Imbalanced data occurs when you have machine learning training data with many items of one class and very few items of the other class. For example, some medical data might have many thousands of data items that are “no disease” (class 0) but only a few data items that are “disease” (class 1).
Most ML prediction systems don’t work well with highly imbalanced data because the majority class items overwhelm the minority class items. So, in most cases you must prune away some of the majority class items and/or generate some new synthetic minority class items.
The idea of Tomek links is to identify majority class data items to delete. In a nutshell, a Tomek link occurs between two data items that have different classes, but are the nearest neighbors to each other. The idea is best understood by a diagram:
In the diagram, look at item (0.2, 0.3), which is class 0. The nearest neighbor to (0.2 0.3) is (0.3, 0.2) and because it is a different class, the two items form a Tomek link.
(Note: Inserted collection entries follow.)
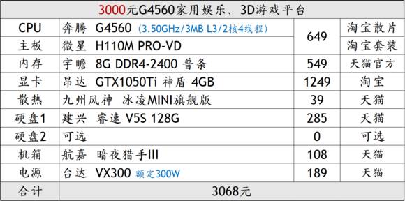 G4560+GTX1050Ti(4GB),目前来说,G4560的光辉差不多也就只能发挥到这个地步了。这一套配置算是低预算中比较适合吃鸡以及玩大型游戏的一套选择。这一套可以用来吃鸡以及玩主流的大型3D游戏。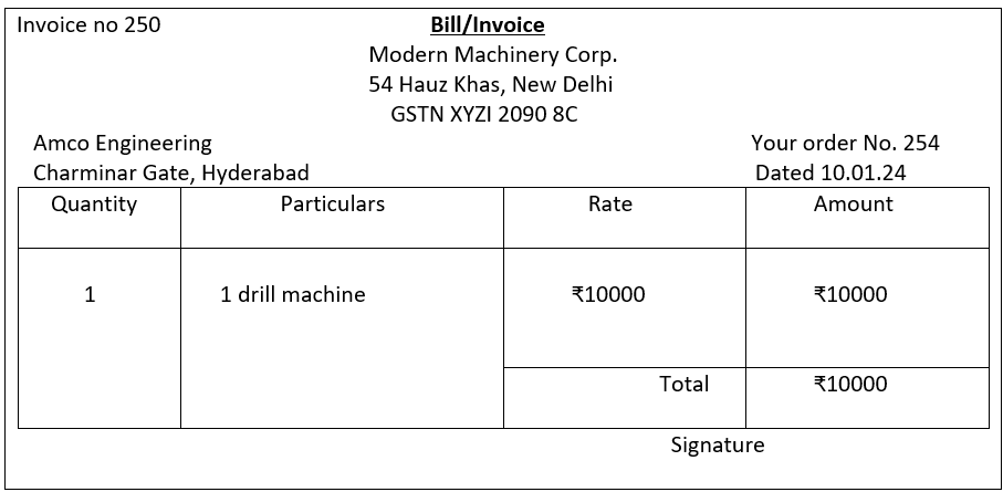 The Source document: Bill/Invoice no.250 issued by Modern Machinery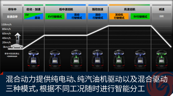只有當(dāng)車速高于65公里/時(shí)且油門開度合適時(shí),這套動(dòng)力系統(tǒng)才會(huì)有可能讓發(fā)動(dòng)機(jī)單獨(dú)驅(qū)動(dòng)車輪,但此時(shí)其還有一部分工作是為電動(dòng)機(jī)充電。而在此時(shí),如果車輛向前的驅(qū)動(dòng)力是依靠發(fā)動(dòng)機(jī)來(lái)輸出的話,那么其電動(dòng)機(jī)將不會(huì)為車輛提供動(dòng)力。換句話說(shuō),也就是意味著思鉑?;靹?dòng)的這套i-MMD系統(tǒng)雖然在車上搭載著兩個(gè)動(dòng)力源,但是平時(shí)在城區(qū)行駛,它在驅(qū)動(dòng)車輛前行時(shí)更多情況下會(huì)使用到的有且只有一個(gè)。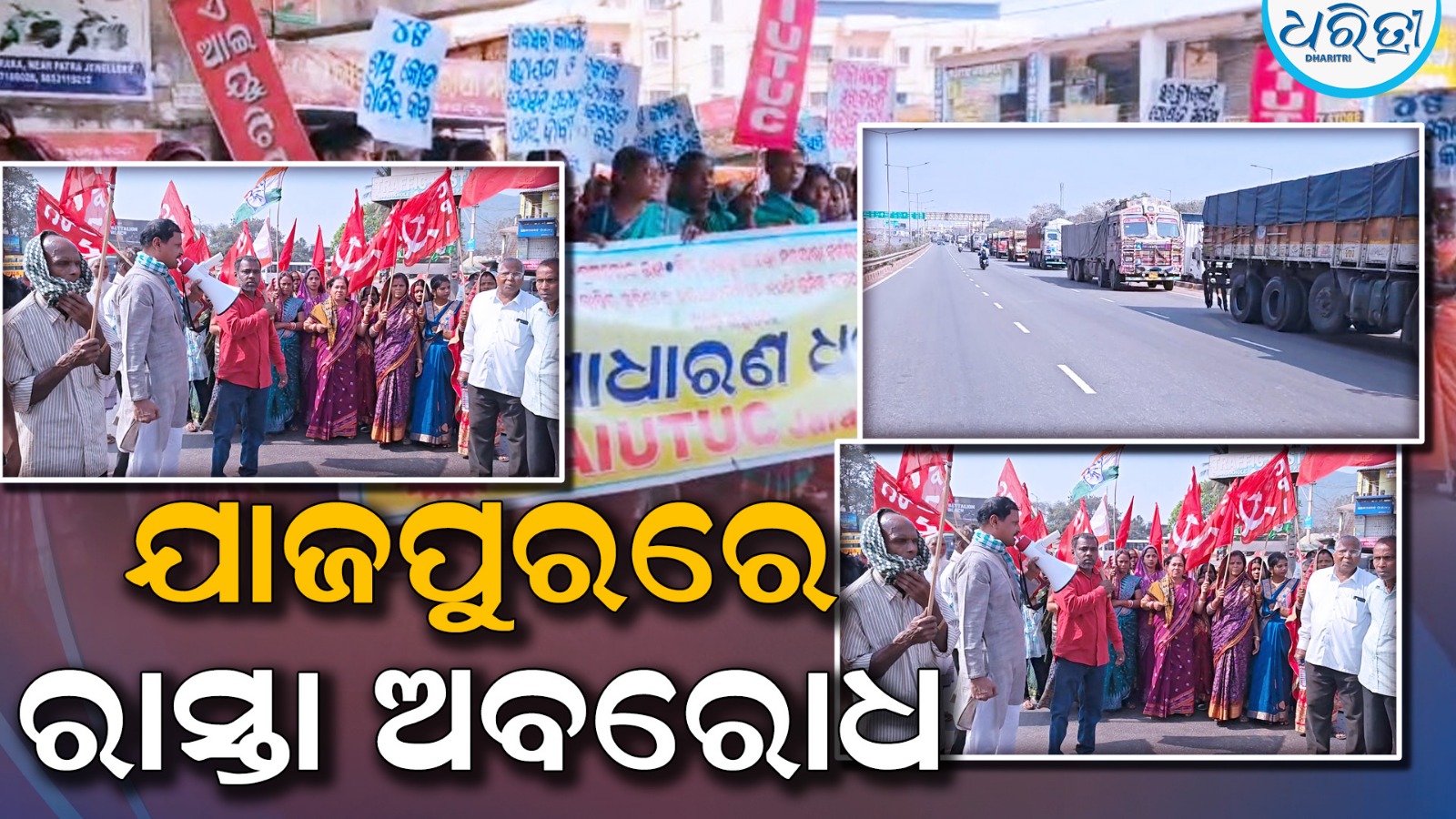 ଧର୍ମଶାଳା,୧୨ା୨(ଶିବପ୍ରସାଦ ମହାନ୍ତି): ଯାଜପୁର ଜିଲାର ବିଭିନ୍ନ ସ୍ଥାନରେ ଭାରତ ବନ୍ଦର ପ୍ରଭାବ ଦେଖିବାକୁ ମିଳୁଛି । ଷୋହଳ ନମ୍ବର ଜାତୀୟ ରାଜପଥର ଚଣ୍ଡିଖୋଲ ଛକ ନିକଟରେ ବିଭିନ୍ନ ଟ୍ରେଡ ୟୁନିୟନ ପକ୍ଷରୁ ଶତାଧିକ କାର୍ଯ୍ୟକର୍ତ୍ତାମାନେ ରାସ୍ତା ଅବରୋଧ କରି କେନ୍ଦ୍ର ସରକାର ବିରୁଦ୍ଧରେ ନାରା ବାଜି କରିଛନ୍ତି । ସେହିପରି ଜରକା ଛକରେ ମଧ୍ୟ ବିଭିନ୍ନ ଶ୍ରମିକ ସଂଗଠନ ପକ୍ଷରୁ ସାଧାରଣ ଧର୍ମଘଟ ଡାକରା ଦିଆଯାଇଛି ।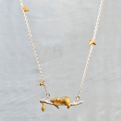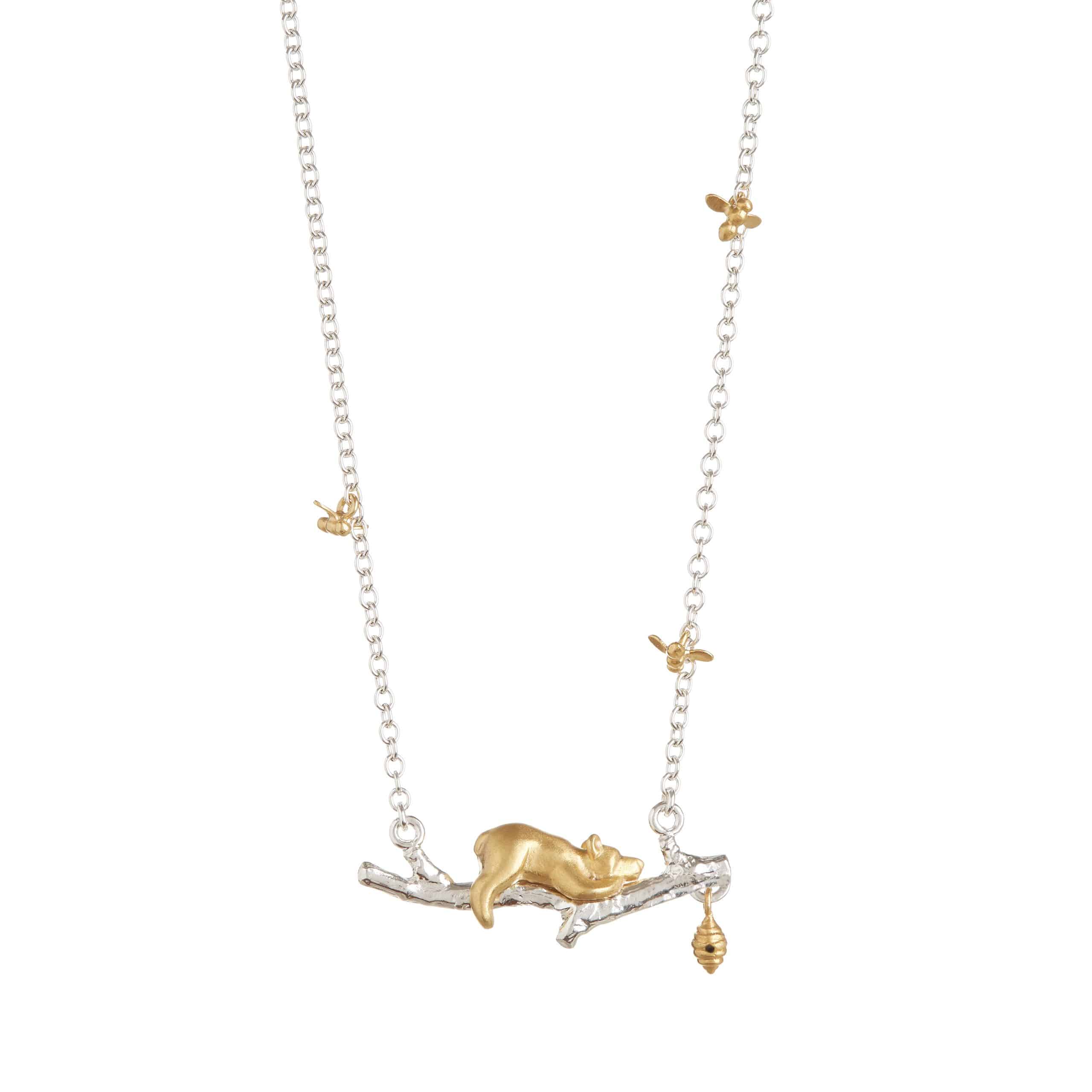 Silver and Gold Vermeil Bear & Honey Bee Necklace

On the other hand, the data item at (0.3, 0.9) has a nearest neighbor at (0.5, 0.9) but because both items are the same class, they don’t form a Tomek link.
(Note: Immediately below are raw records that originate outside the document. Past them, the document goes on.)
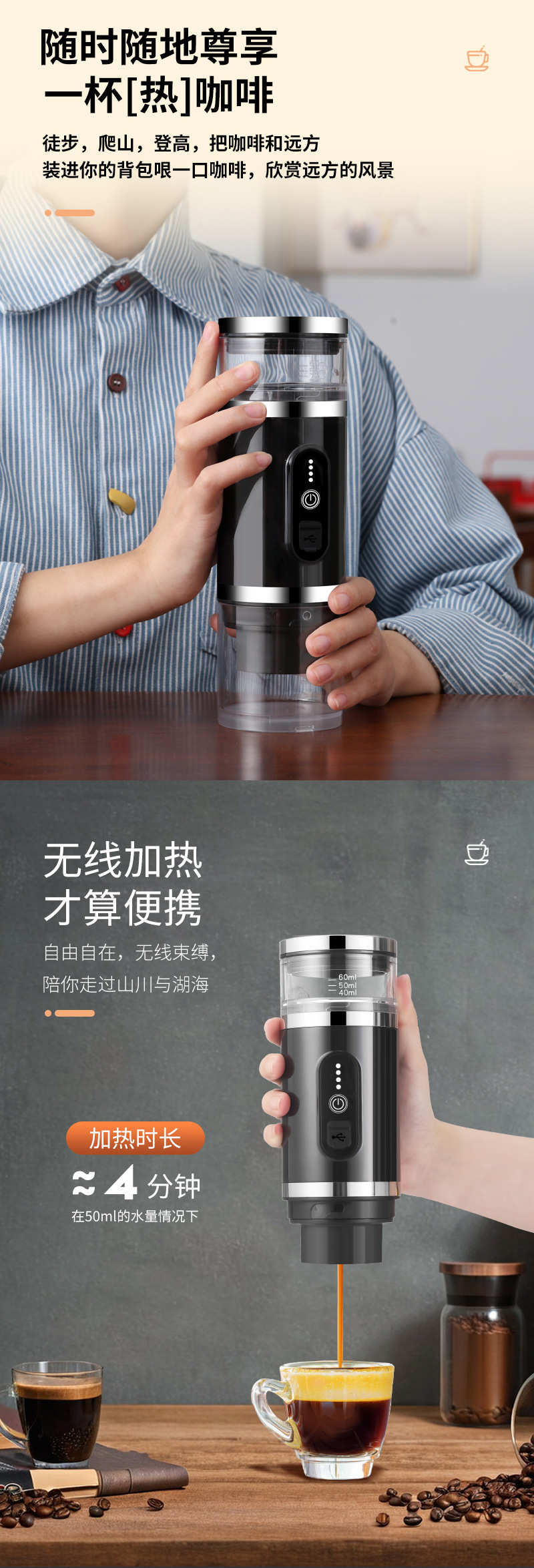 OEM/ODM 무선 가열 에스프레소 캡슐 커피 머신 C01B 소형 야외 휴대용 커피 머신스토어 가기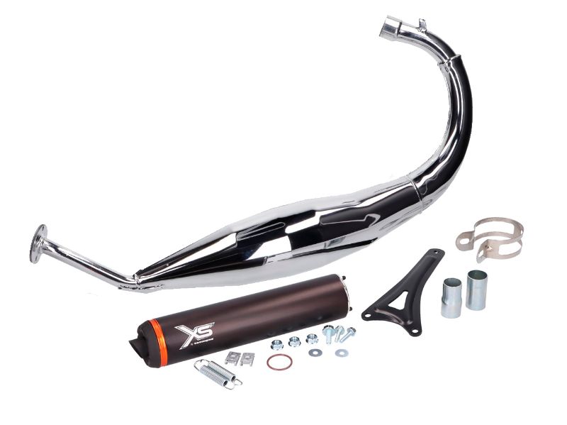 Tecnigas výfuk XS Chrome je úplne nový športový výfuk pre originálne a 50-80cc športové valce. Už v spodnom pásme otáčok má pozoruhodný výkon a vďaka nižšie uvedenému dizajnu obzvlášť športový vzhľad. Chrómovaný povrch optimálne chráni rezonančné telo pred koróziou a zadný tlmič je vyrobený z kvalitného hliníka. Tento výfuk presvedčí v kombinácii s originálnym valcom, ako aj so športovými valcami 50-80cc. Výfuk Tecnigas XS Chrome je tiež absolútnym lákadlom pre oči.Vhodné pre:Peugeot DR01MotorHispania DR01Vhodné aj pre:Beta RR 50 '12-'17 (Euro 3)Beta RR 50 >2016 (Euro 4)Beta'12 RR-50 '17 (Euro 3) Beta Trueba RR 50 >2016 (Euro 4)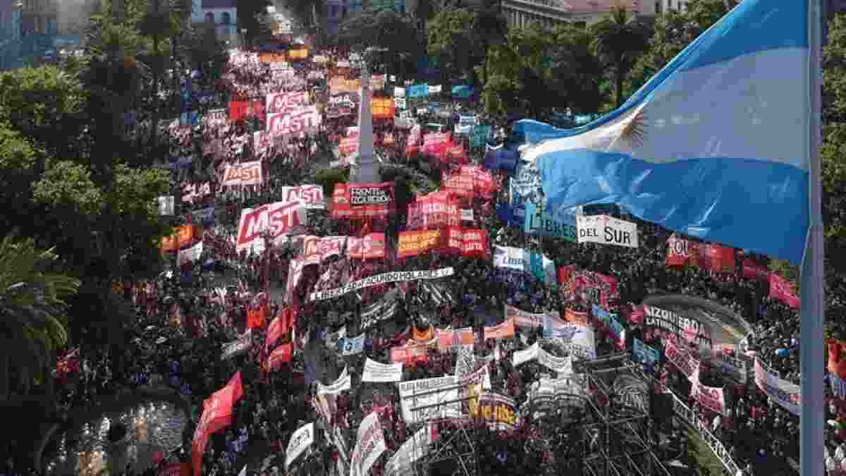 Ανάμεσα σε κρουστά, πνευστά, καπνογόνα, βαρελότα και τον καπνό από τις παρίγιας (τις ψησταριές των πλανόδιων πωλητών) στους δρόμους, οι συμμετέχοντες στην κινητοποίηση καταφέρθηκαν εναντίον του ΔΝΤ, αλλά και της κυβέρνησης της κεντροαριστεράς, στην οποία προσάπτουν ότι ενστερνίζεται τη συμφωνία για την αποπληρωμή 44 δισεκ. δολαρίων ως το 2024. Και άρα, ότι ενστερνίζεται το πρόγραμμα περαιτέρω δημοσιονομικής προσαρμογής σε μια χώρα όπου το ποσοστό της φτώχειας έχει ήδη φθάσει το 40%.

The data in the diagram has a second Tomek link between (0.7, 0.4) and (0.8, 0.4).
Tomek links usually occur near a decision boundary (the pair in the lower left) or when one of the two items is “noise” (the pair on the right).
When you find a pair of data items that form a Tomek link, the item that has the majority class is a good candidate for deleting because it is either ambiguous (when near a decision boundary) or noise.
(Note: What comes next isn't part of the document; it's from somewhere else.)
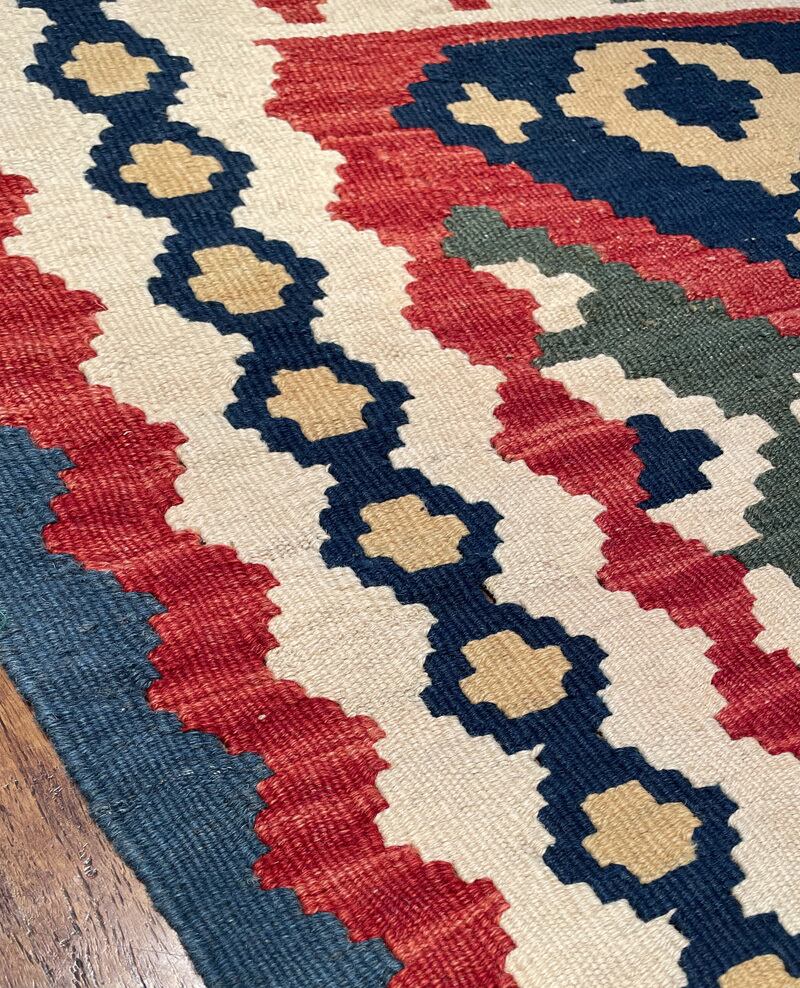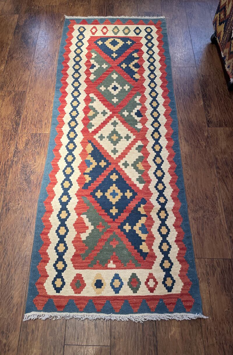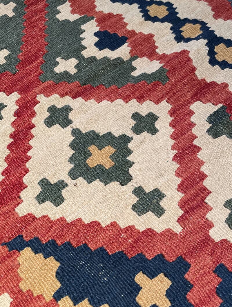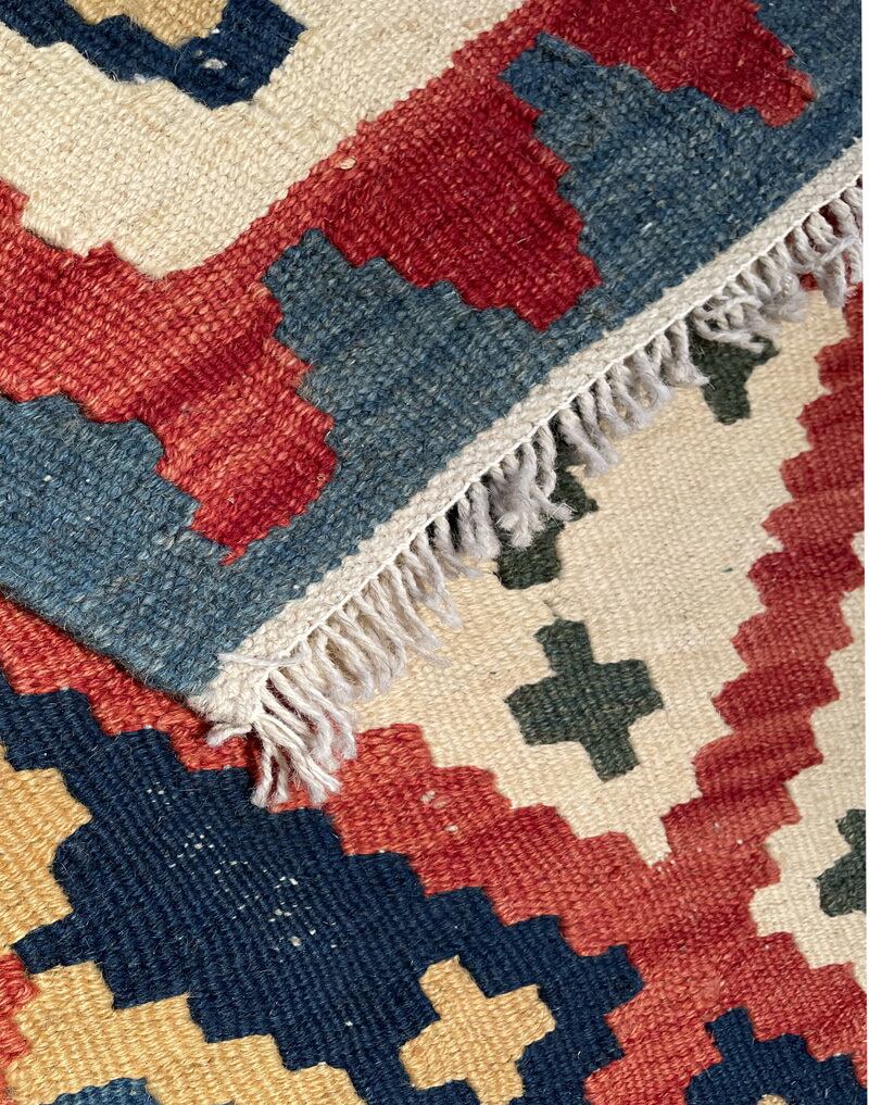 薄い織り上がりのキリムですが、ウールで織られているので、床の冷たさを感じさせず、また暑い季節でもスッキリとしたお使い心地で、オールシーズン活躍します。

As a general rule of thumb, you must be very cautious when pruning away items from imbalanced datasets. However, you must be cautious when generating synthetic minority class data too because you might mask majority data.
A bit too much fun while drinking can lead to personal imbalance, which in turn can lead to beer-box masking. I know this from personal experience in college but the miracle of Internet image search provides concrete visual evidence too.